Он не дал мне возможности ответить. Поцелуй был нежным, а губы теплыми и сладкими.
Через четверть часа, когда мы забрались под одеяло и попытались уснуть, я вспомнила, что так и не сказала ему о самом главном.
— Эйдан, ты спишь? — спросила я.
— Угу, — промычал он.
— Эйдан, я люблю тебя.
Он открыл глаза, и, не мигая, смотрел на меня в течение нескольких секунд. Затем протянул руку, и, притянув за затылок к себе, жадно впился в мой рот поцелуем.
— Теперь я знаю, где мое счастье, — прошептал он.
— Где же?
— Оно в тебе. Ты и есть мое счастье. То, ради чего стоит жить.
Когда я проснулась, вокруг было довольно светло. Эйдан лежал рядом, опираясь на локоть, и смотрел на меня.
— С добрым утром, любимая, — он наклонился и коснулся моей груди губами.
— С добрым, — улыбнулась я и залилась краской, как молодая девчушка.
Слегка поглаживая мой живот, он тихо спросил:
— Что тебе снилось?
— Не помню. Наверное, опять ты.
— Ты видишь меня во сне?
— Сегодня — трижды, — усмехнулась я и зарылась головой в подушку.
— Кажется, я видел тот же сон, — засмеялся он.

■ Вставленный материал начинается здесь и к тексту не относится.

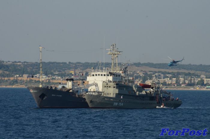 Позднее к учению подключились поисково-спасательные отряды флотов. Из спасательных сил ЧФ и ВМСУ был сформирован объединенный отряд, который в кратчайшие сроки по вводной вышел из Севастополя и был направлен к «аварийному судну» «Петр Градов», для оказания ему помощи, организации поиска и спасения личного состава, плавающего на воде.
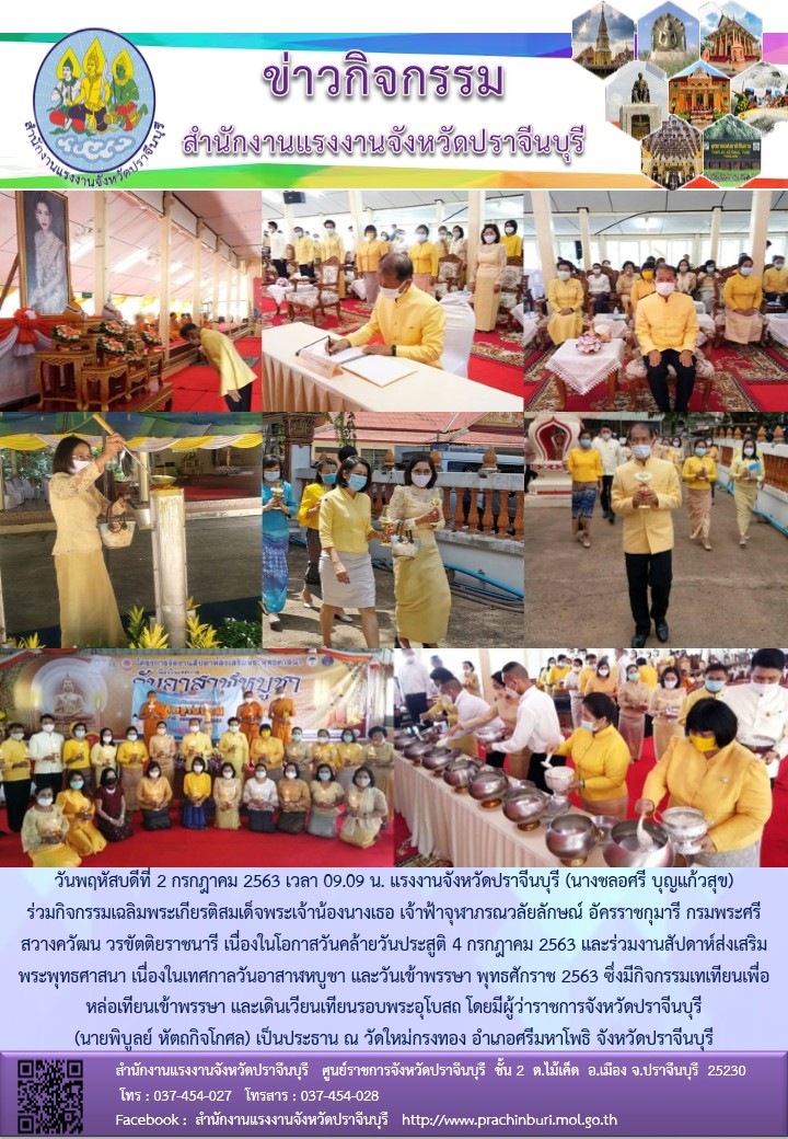 วันพฤหัสบดีที่ 2 กรกฎาคม 2563 เวลา 09.09 น. แรงงานจังหวัดปราจีนบุรี (นางชลอศรี บุญแก้วสุข) ร่วมกิจกรรมเฉลิมพระเกียรติสมเด็จพระเจ้าน้องนางเธอ เจ้าฟ้าจุฬาภรณวลัยลักษณ์ อัครราชกุมารี กรมพระศรีสวางควัฒน วรขัตติยราชนารี เนื่องในโอกาสวันคล้ายวันประสูติ 4 กรกฎาคม 2563 และร่วมงานสัปดาห์ส่งเสริมพระพุทธศาสนา เนื่องในเทศกาลวันอาสาฬหบูชา และวันเข้าพรรษา พุทธศักราช 2563 ซึ่งมีกิจกรรมเทเทียนเพื่อหล่อเทียนเข้าพรรษา และเดินเวียนเทียนรอบพระอุโบสถ โดยมี ผู้ว่าราชการจังหวัดปราจีนบุรี (นายพิบูลย์ หัตถกิจโกศล) เป็นประธาน ณ วัดใหม่กรงทอง อำเภอศรีมหาโพธิ จังหวัดปราจีนบุรี

— Правда? — продолжала шутить я.
— Или это был не сон? — подыгрывал мне Эйдан.
— Просто, если помнишь, ты еще два раза случайно меня будил.

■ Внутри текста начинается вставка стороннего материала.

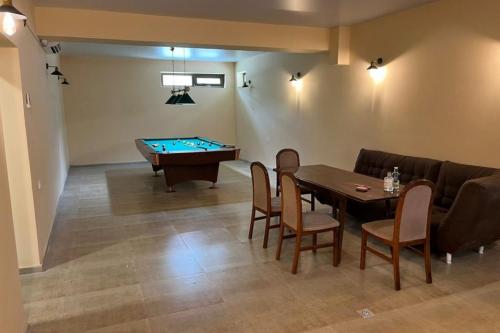 (Auto Translate!) A private house for rent in the countryside near Lis. In an ecologically clean environment, on the edge of a forest of almond trees. The house has panoramic views, both of the Lisi lake and the whole of Tbilisi. It is suitable for both residential and commercial use. The area of the house is 600 square meters, the area of the land is 820. The house has: 6 bedrooms (master bedroom). Cabinet. Isolated kitchen 27 sq m (ceiling height 4 m). Living room 80 sq m (ceiling height 4 m). Cellar 45 sq m. Mansard 60 sq.m. 7 bathrooms. The common terrace is 120 square meters. 4 isolated terraces of 11 square meters each. 2 balconies. External storage room 20 sq.m. Parking in the yard. Private parking for 8 cars near the yard. Outdoor swimming pool 10/4, paved beach

— А по-моему, в твоем "случайно" прослеживается чей-то тонкий расчет.
— Ну, какой здесь расчет? Не могу же я спать на собственной кровати с тобой и не прижиматься к тебе.
— Это, смотря как прижиматься, — засмеялся Эйдан.
— Можно подумать, что во всем виновата только я одна…
— Конечно, ты же знала, что я не смогу удержаться, вот и пользовалась своей властью. А теперь уже утро, а я совершенно не расположен к работе.
— Эйдан… — засмеялась я.
— А если серьезно, я когда-нибудь тебе снился?
— Я не помню своих снов. Но тогда, в больнице, перед тем, как я пришла в себя, мне снился ты.
— Правда? И что это был за сон?
— Мы с тобой уединились в какой-то комнате. Я была моложе, да и ты тоже. Мы обсуждали что-то. Я не помню, что, но тебя, казалось, это не волновало. Ты позвал меня, и я не смогла устоять. Странный сон, — засмеялась я. — Особенно салатовые обои вокруг!
— Что ты сказала?
— Что?
— Обои…
— Ну, да, странные такие, салатовые с…
— Зелеными гладкими цветами?!
Я оторопела.
— Откуда ты знаешь? Тебе снился тот же сон?
— А что еще было в той комнате? Опиши.
— Не помню. Камин по-моему, кровать какая-то в углу. Да, и большая фотография с подсолнухами на стене, такая, черно-белая.
— Не может быть, — лицо Эйдана перекосило в какой-то непонятной гримасе.
— Эйдан, в чем дело?
Он приподнялся на кровати:
— Это моя спальня, Сафина. Ты только что описала мне мою комнату! Салатовые обои с цветами, камин, кровать, подсолнухи — все! Откуда тебе это известно?
— Я фамилии твоей не знала месяц назад, а ты говоришь про свою комнату!
— А сколько лет нам было?
— Не знаю. Тебе я бы дала не более двадцати пяти.
— Ерунда какая-то. Тебе снится моя комната, в которой ты никогда не была.
— Эйдан, это всего лишь сон! Ты придаешь ему слишком большое значение. Твой отец состоятельный человек, может я видела интерьер в каком-нибудь журнале и случайно запомнила?
— Вполне возможно.
— Забудь. Я хотела о другом с тобой поговорить.
— Да, я весь во внимании.
— Эйдан, мы никогда не обсуждали с тобой то, что произошло.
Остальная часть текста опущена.